Mr Sabatino wishes to reflect olfactorically in certain areas. Or - in the present case - even show a very specific plant species in all parts that can be used for fragrances. While in other enaturates from'Barnaby Black' the flavours that can be found directly on site are used, in'Dark Woods' colleagues of broader provenance obviously help to produce the desired aroma.

The "brand owner or perfume manufacturer" does not comment on the place where the "atlantic white cedar" (fictitious white cypress), as declared, stands in concrete terms. But a simple smell on the wet skin gives you an idea: It's a kitchen. The chef has a soft spot for sweet and spicy dishes, also on an alcoholic basis.
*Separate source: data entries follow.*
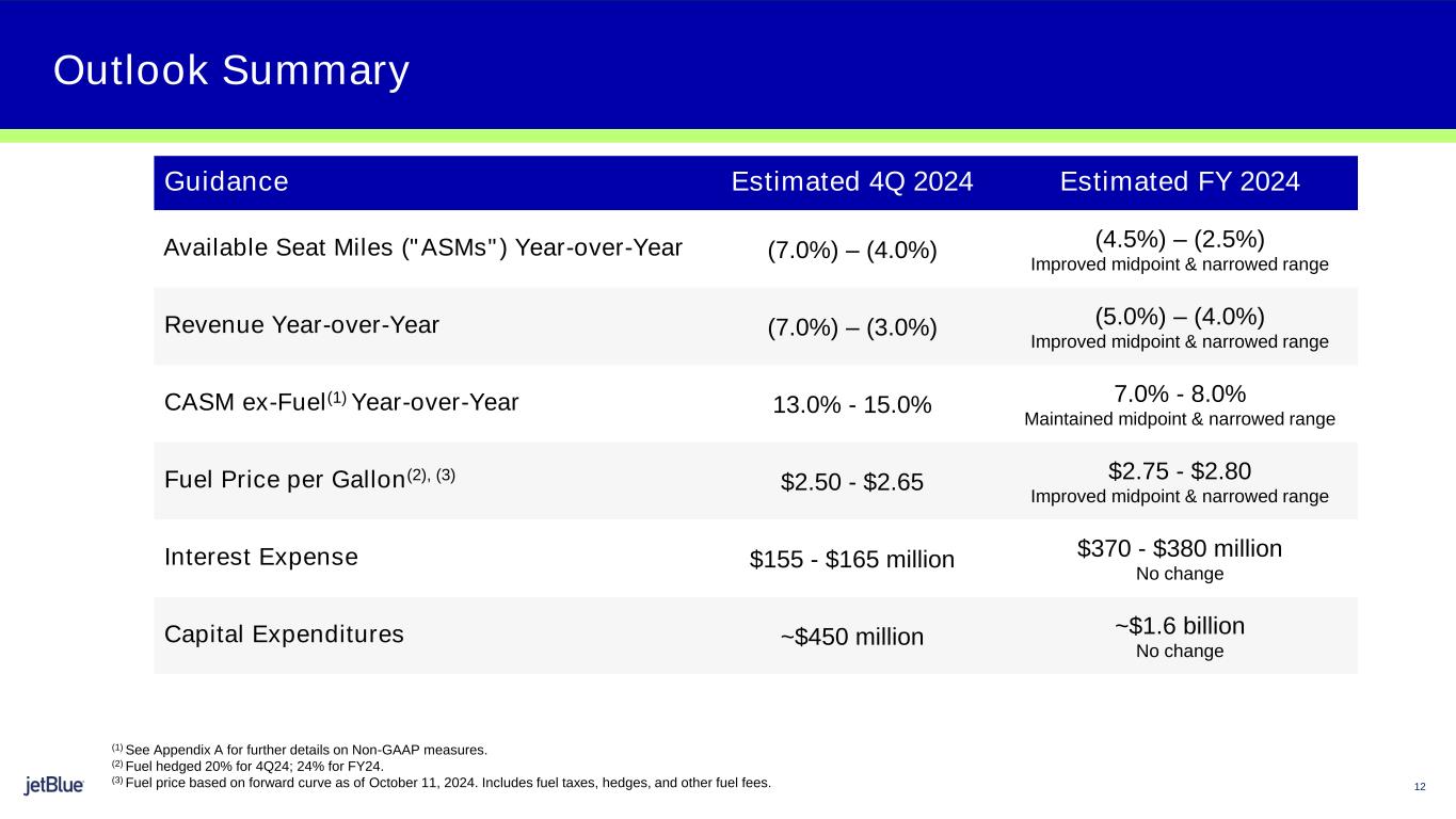 This update provides JetBlue’s investor guidance for the fourth quarter ending December 31, 2024 and full year 2024.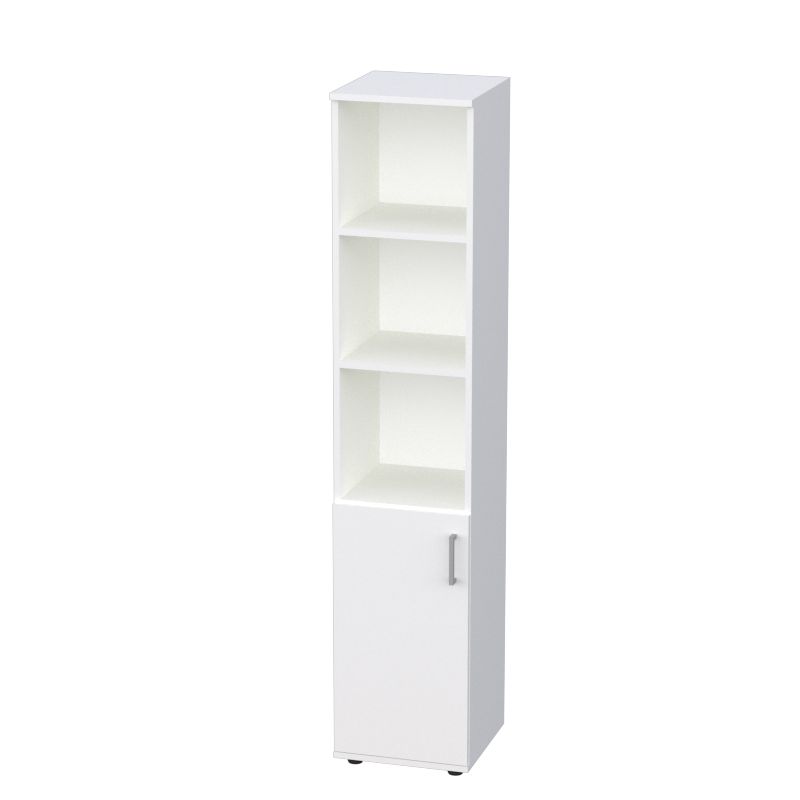 Пенал с глухой дверью внизу и открытыми верхними полками создает сбалансированное решение для офисного хранения. Нижняя секция надежно скрывает содержимое, а открытые полки в верхней части обеспечивают легкий доступ к часто используемым предметам.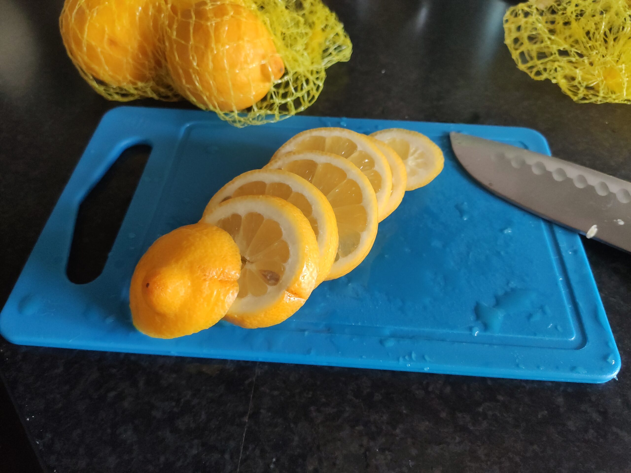 To make the rub, the lemons first need to be smoked and dried. Gijs slices the lemons into thin rounds (about 3 mm) and sprinkles both sides with salt. The salt draws moisture out of the lemons, which helps create nicely dried slices.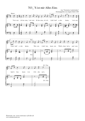 ist mir Alles Eins - Sheet Music for Piano and Voice Aus "Deutsches Liederlexikon" A. Härtel (1865)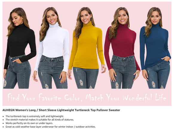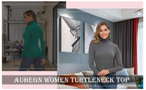 AUHEGN Women's Long Sleeve Lightweight Turtleneck Top Slim Fit Pullover T-Shirt (S-XXL)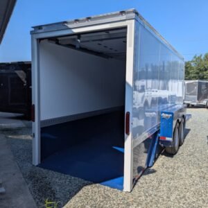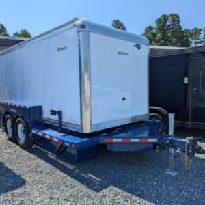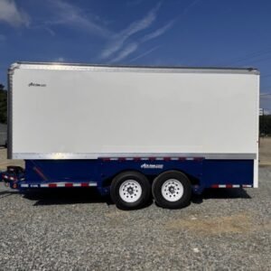 This E16 XL with 75″ inside width x 15’10” long inside box drop deck enclosed trailer from Air Tow has tandem axles with a rubber suspension, electric brakes, and spare tire and spare tire mount. These units come standard with: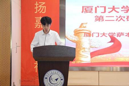 值此萨院第二次研究生代表大会暨研究生团员代表大会召开之际,厦门大学研究生会主席团成员刘阳代表校研究生会录制了贺信视频。刘阳首先代表校研究生会对大会的召开表示热烈祝贺;对长期关心、支持萨院学生工作的领导、老师表达了深深的敬意。随后,刘阳肯定了萨院第一届研究生会、团总支过去一年的工作成果;并鼓励萨院新一届学生干部以完善制度、继承发扬、合作创新、塑造形象为落脚点,找准价值定位,打造更多品牌活动。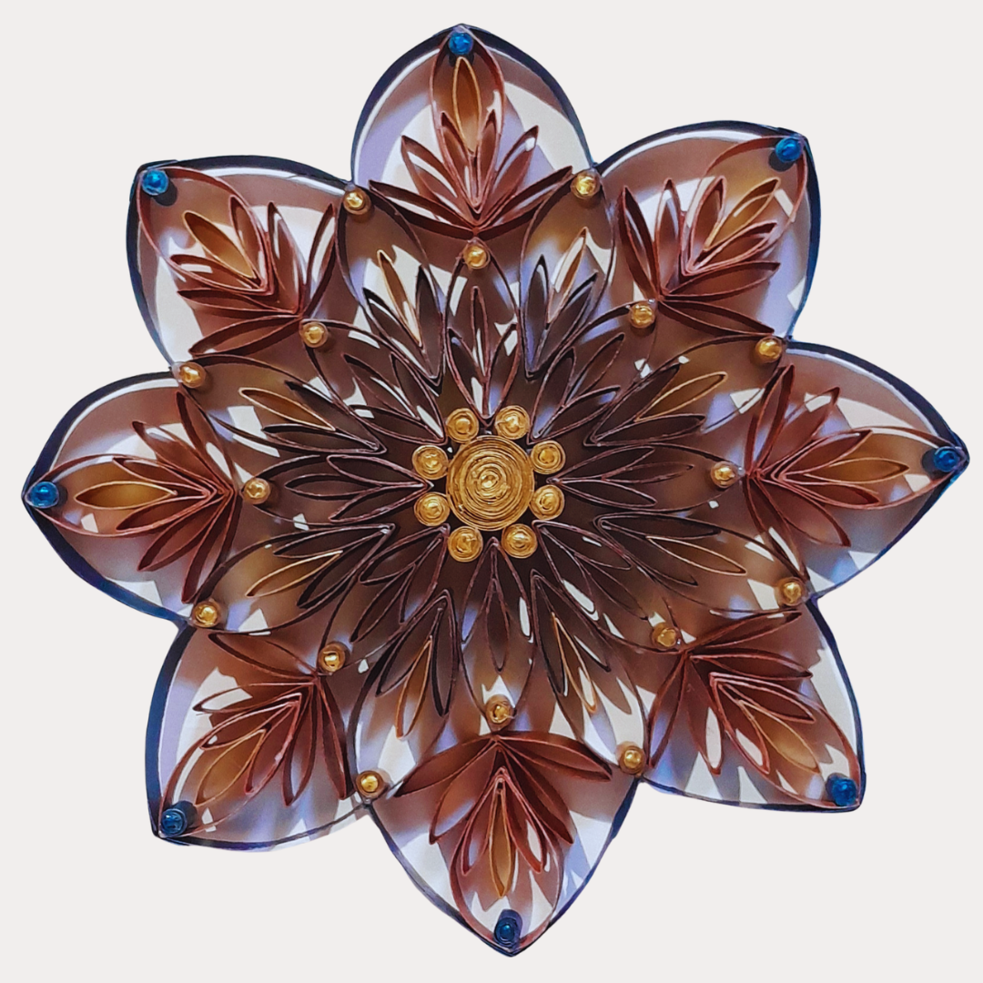 Mandala confeccionada com bobina de papel toilette, pintura acrílica e demão de verniz. Pode ser utilizar como decoração de parede ou pendurar em modo móbile. (Peça exclusiva.)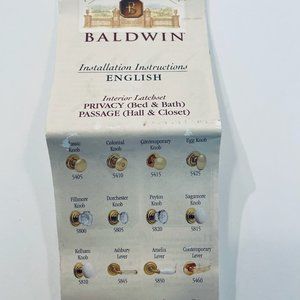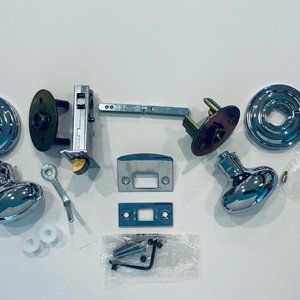 Complete Privacy Knob Latch Set by Baldwin. Polished Chrome with installation instructions, in original Baldwin Box and has not been used. A vintage Architectural Elements inscribed dimensions, Box is about 5.5" x 5" x 4". Made in PA , U.S.A.

Because it opens up a dark, liqueur-like sweetness, more brown than green; stripes the medicinal. A little later I think of thickened fruit. Or maybe fig juice? An obscure curry sauce comes to my mind, there's something spicy about it. My favourite colleague decided quickly and without compromise on "Maggikraut". Hm... Finally the flash of inspiration: sweet Marsala sauce, neatly reduced in the pan (when preparing the Saltimbocca alla Marsala) - that's the closest thing so far! That certainly smells not bad, but unfortunately terribly un-perfumed.

But I was really happy about a second track: The designated successor of this colleague, who was gradually approaching retirement age, suddenly snowed in and asked very interested whether I had sprayed on something strange (!) again, it smells of strange wood. She's right - about both. There is actually quite dark wood during the day, obviously particularly prominent in the radiation.

But in the early afternoon I land again with a thought of Fig. For a while I try the tough, almost overripe sweetness of the dried variant, until after about eight hours, towards the end of the fragrance, we even reach fig jam, as it is occasionally served with cheese.

Conclusion: With the best will I cannot associate the scent with a region, let alone with a single conifer species. The fake cypresses known to me personally, so to speak, smell completely different. And also apart from that I don't get quite warm with the odd gourmand stuff of'Dark Woods' in context.

Thank you Yatagan for the rehearsal.